A dispenser for dispensing fluid at a pressure of >=1 kg./cm2 comprises: a container in which the fluid is under sufficient pressure to dispense the fluid at a pressure of >=1 kg./cm2, a fluid discharge passageway extending from the interior to the exterior of the container and a flow regulator in the passageway characterised in that the container is an elongate expansible elastomeric bladder; (a) having an unexpanded inside length which is not less than 4 times its unexpanded inside dia.; and (b) having a modulus at 300% elongation and a specific ratio of ave. wall thickness to unexpanded inside dia.

Description

  

  
 



   The invention relates to a device for dispensing a fluid under a pressure of at least 1 kp / cm2, with a container for receiving the fluid, an elongated expandable bladder made of an elastomer, a fluid outlet channel leading from the interior of the container to the outside, and with a therein arranged flow regulator.



   The liquids that are dispensed with the help of small, self-contained pressure containers, which are commonly referred to as aerosol cans, are becoming ever more numerous. Paints, hair sprays, agents to prevent underarm wetness, deodorants, stove or oven cleaners and inhalable drugs are common substances that are sprayed from such containers. Shaving creams, cheese, and toothpastes are examples of other products that can be dispensed this way. Usually the energy for dispensing or spraying these liquids is taken from a compressed gas, which is almost always a fluorocarbon and is filled into the container either together with the liquid to be dispensed or separately from it, in a plastic bag or the like.

  In both cases, the liquid is expelled with a compressed gas which, in the case of spray packs, provides the energy required to finely distribute or atomize the liquid.
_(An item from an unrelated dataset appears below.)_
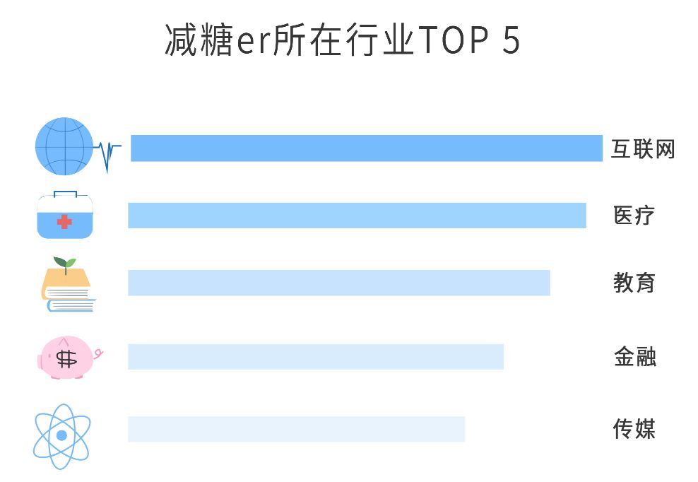 从行业看,减糖用户从事互联网行业的占比最高,其次是医疗、教育、金融、传媒行业。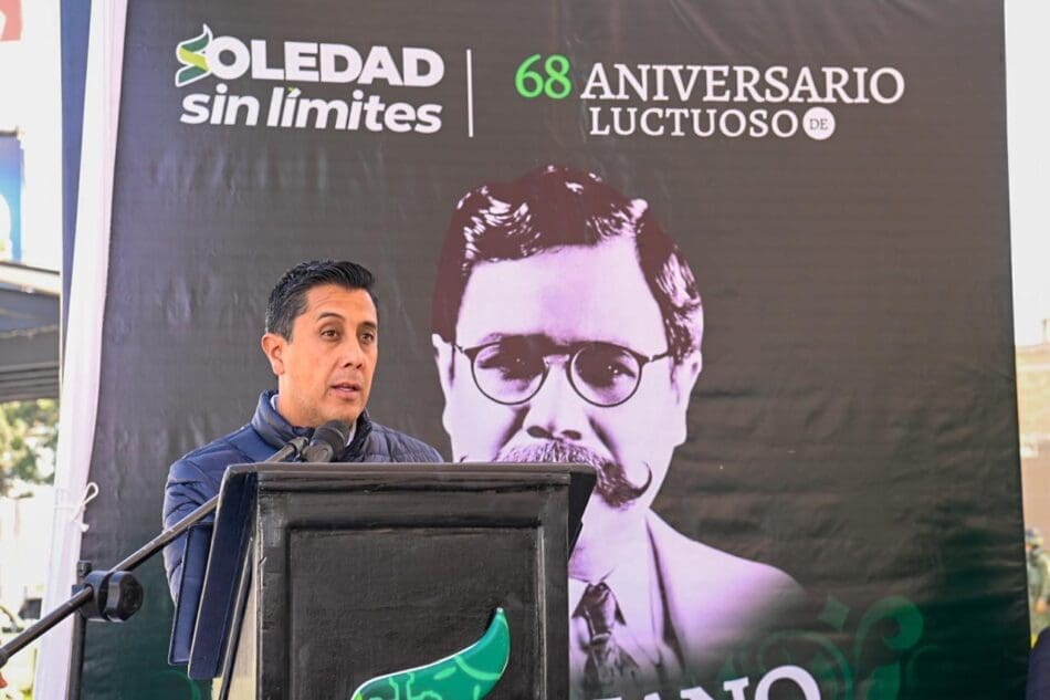 El Ayuntamiento de Soledad conmemoró el 68 aniversario luctuoso del profesor Graciano Sánchez Romo, líder agrarista, maestro y político potosino, cuya lucha social dejó un legado de defensa, justicia e igualdad de derechos para las y los campesinos; el acto solemne se realizó en el Monumento al Líder Agrario, ubicado en la entrada principal del municipio, y se reafirmó un trabajo de gobierno cercano a su gente y comprometido con las causas sociales, tal como lo impulsa el Alcalde Juan Manuel Navarro Muñiz.

Regardless of the increasing use of conventional aerosol cans, there are a number of difficulties: firstly, a growing awareness of the harmful effects of propellants of the fluorocarbon type; third, the fluorocarbon propellants are relatively expensive, and fourth, aerosol cans under pressure can explode if placed in, for example, refuse or incinerators with other waste.
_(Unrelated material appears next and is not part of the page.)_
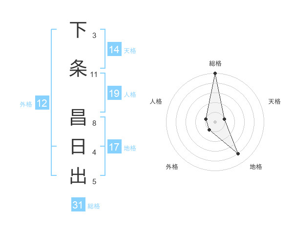 下条 昌日出さんを姓名の画数から五運を鑑定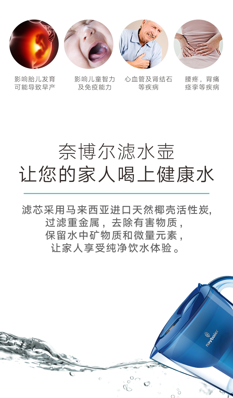 净水器类型: 滤芯式净水器 功效: 直饮 品牌: 奈博尔 工作原理: 活性碳吸附 智能类型: 不支持智能 滤芯: 颗粒活性炭

   With these difficulties in mind, other sources of energy for pressure vessels have been turned to. In the relevant literature, elastic rubber bladders are described which deform during filling and release their contents under the effect of the pressure which results from the tensions generated by the inflated bladder.



  These self-pressurizing dispensers or dispensers, which derive their energy from elasticity, offer the following advantageous properties: 1. They avoid the use of corrosive and hazardous fluorocarbon propellants.



  2. They are not explosive even when fully filled.



  3. They allow the use of a non-metallic outer receptacle, for example made of plastic or cardboard, so that the dispenser can easily be disposed of by burning.



  4. There is no room for one in the dispenser
Propellant gas cushions to be provided so that in most applications in a dispensing device of a given size a larger amount of active ingredient, i. H. to be dispensed fluids, can accommodate.



   However, conventional devices of the type discussed herein have not proven to be satisfactory in that the spray shape achieved in delivering the active ingredient is unacceptable in many applications. These devices have thus been pushed back in practice to the liquid dispensing of creams and lotions. But even in these areas they have not had any real success to date, due to difficulties that u. a. caused by insufficient and variable pressure in the delivery of the active ingredient from the device.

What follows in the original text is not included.